During 2005, the Company issued 6,420,000 shares of common stock to its founders for cash of $6,420 ($0.001 per share)

During 2005, the Company issued 1,004,000 shares of common stock for cash of $50,200 ($0.05 per share).

In June 2006 the Company performed a 5:1 forward split of its common stock for a total of 37,120,000 shares issued and outstanding.

On October 6, 2006 the Company entered into an agreement to acquire certain mineral properties from Tara Gold Resources Corp. Terms of the agreement required the Company to issue 500,000 restricted shares of common stock of the Company. On October 6 the Company issued the required restricted common stock of the Company for a stock subscription price of $100,000 ($0.20 per share).

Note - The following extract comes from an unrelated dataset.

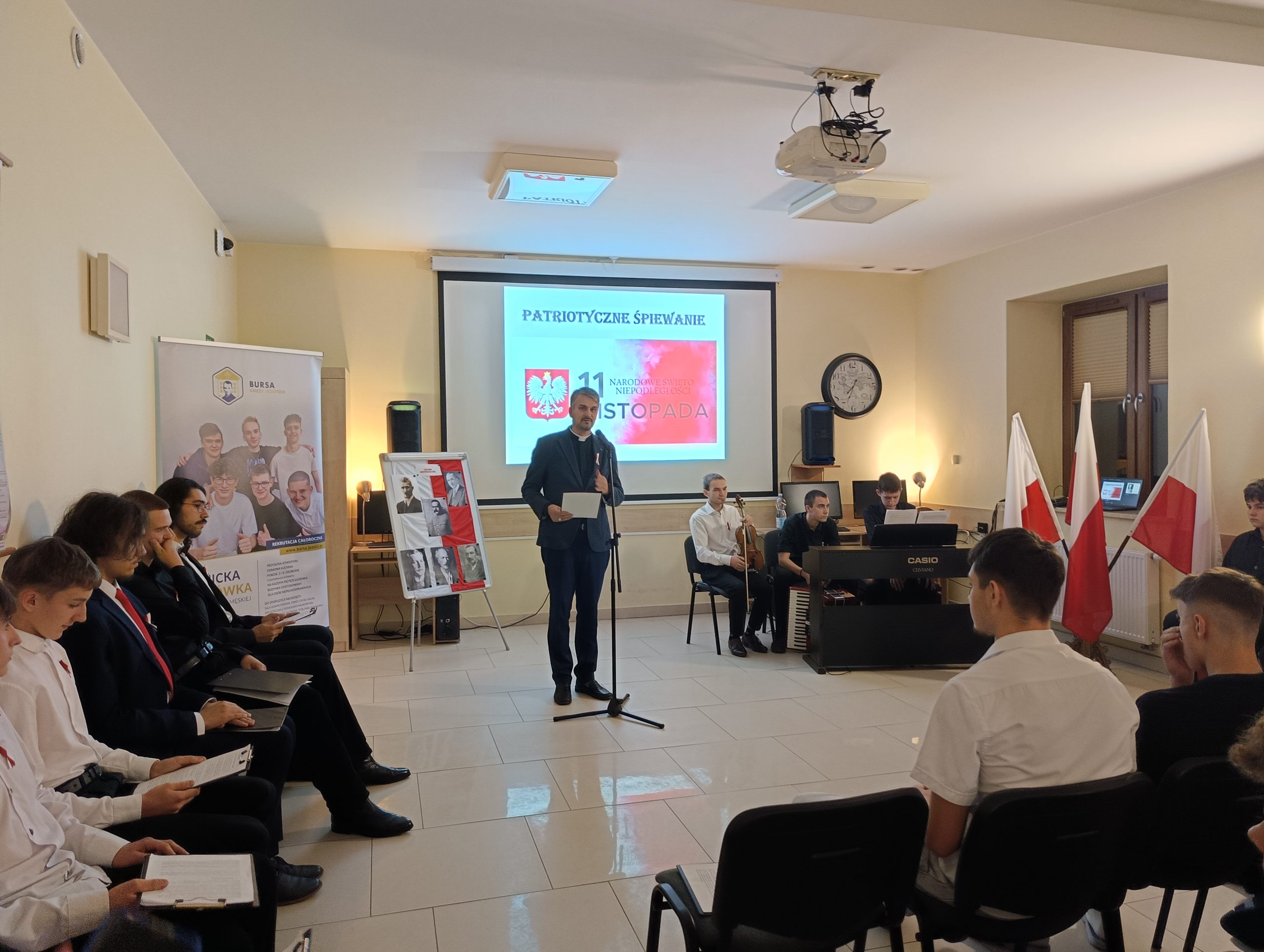 6 listopada, w naszej Bursie odbyło się wyjątkowe spotkanie poświęcone 107. rocznicy Odzyskania przez Polskę Niepodległości. To święto, obchodzone co roku 11 listopada, jest dla wszystkich Polaków szczególnym czasem refleksji, wdzięczności i dumy z historii naszego narodu. Wychowankowie Bursy postanowili uczcić to ważne piękne wydarzenie w sposób szczególny, organizując wieczór z pieśnią patriotyczną. Wśród zaproszonych gości znaleźli się uczniowie mieszkający w sądeckich internatach wraz z wychowawcami, w tym Internatu Zespołu Szkół Sióstr Niepokalanek, Internatu Zespołu Szkół Elektryczno-Mechanicznych oraz Internatu Zespołu Szkół Katolickich. Wszystkich zebranych serdecznie przywitał Dyrektor Bursy – o. Damian Pawlik SI oraz przedstawiciel społeczności wychowanków, podkreślając znaczenie wspólnego pielęgnowania pamięci o bohaterach narodowych. Uroczysty wieczór rozpoczęto od wspólnego odśpiewania Hymnu Narodowego, który wprowadził uczestników w podniosły, patriotyczny nastrój. Następnie nadszedł czas na wspólne śpiewanie pieśni żołnierskich i patriotycznych przy akompaniamencie niezastąpionej, bursowej kapeli. Wspólne muzykowanie stało się okazją nie tylko do integracji, lecz także do refleksji nad tym, czym dla każdego z nas jest patriotyzm. Zwieńczeniem tego pięknego wieczoru był wspólny poczęstunek – aromatyczna zimowa herbatka oraz smakołyki przygotowane przez nasze panie kucharki. W ciepłej, serdecznej atmosferze trwały rozmowy, śmiechy i dalsze śpiewanie, które połączyło wszystkich uczestników w duchu wspólnoty i wdzięczności za wolną Polskę.

In March 2007 the Company increased the authorized capital of common stock to 500,000,000.

In March 2007 the Company performed a 2:1 forward split of its common stock for a total of 75,240,000 shares issued and outstanding.

On March 6, 2008 the Company received a surrender of 40,000,000 shares of common stock surrendered by stockholders.

On July 31, 2009 consultants to the Company contributed $40,027 of professional fees to the Company in renunciation by the consultants for payment due to the consultants by the Company.

On August 2, 2009 the Company received a non-repayable payment for an accounts payable due by the Company for a total of $3,000.

On December 7, 2009 the Company received a non-repayable payment for an accounts payable due by the Company for a total of $1,500.

F-15

RAVEN GOLD CORP.
(formerly Riverbank Resources Inc.)

(An Exploration Stage Company)

Notes to the Financial Statements
April 30, 2010 and 2009
(Stated in US Dollars)

Note 9 Income Taxes

At April 30, 2010, the Company had a net operating loss carry forward of $3,854,363 which will begin to expire in 2025. A valuation allowance has been provided for the deferred tax assets as it is uncertain whether the Company will have future taxable income.

A reconciliation of the benefit for income taxes with amounts determined by applying the statutory federal income tax rate (34%) to the loss before income taxes is as follows: 2010 2009
Benefit for income taxes computed using the

 statutory rate of 34% $ 93,906 $ 95,947
Non-deductible expense - -
Change in valuation allowance (93,906) (95,947)
 ---------------------

Provision for income taxes $ - $ -
 =====================

Significant components of the Company's deferred tax assets were as follows at April 30, 2010 and 2009.

 2010 2009
 --------------------------
Deferred tax assets and liabilities:
Tax operating loss carry forward 3,854,363 3,578,169

Valuation allowance (3,854,363) (3,578,169)
 --------------------------

Net deferred tax asset $ - $ -
 ==========================

Note 10 Subsequent Events

The Company has evaluated subsequent events through August 13, 2010, the date which the financial statements were available to be issued with no subsequent events to be reported.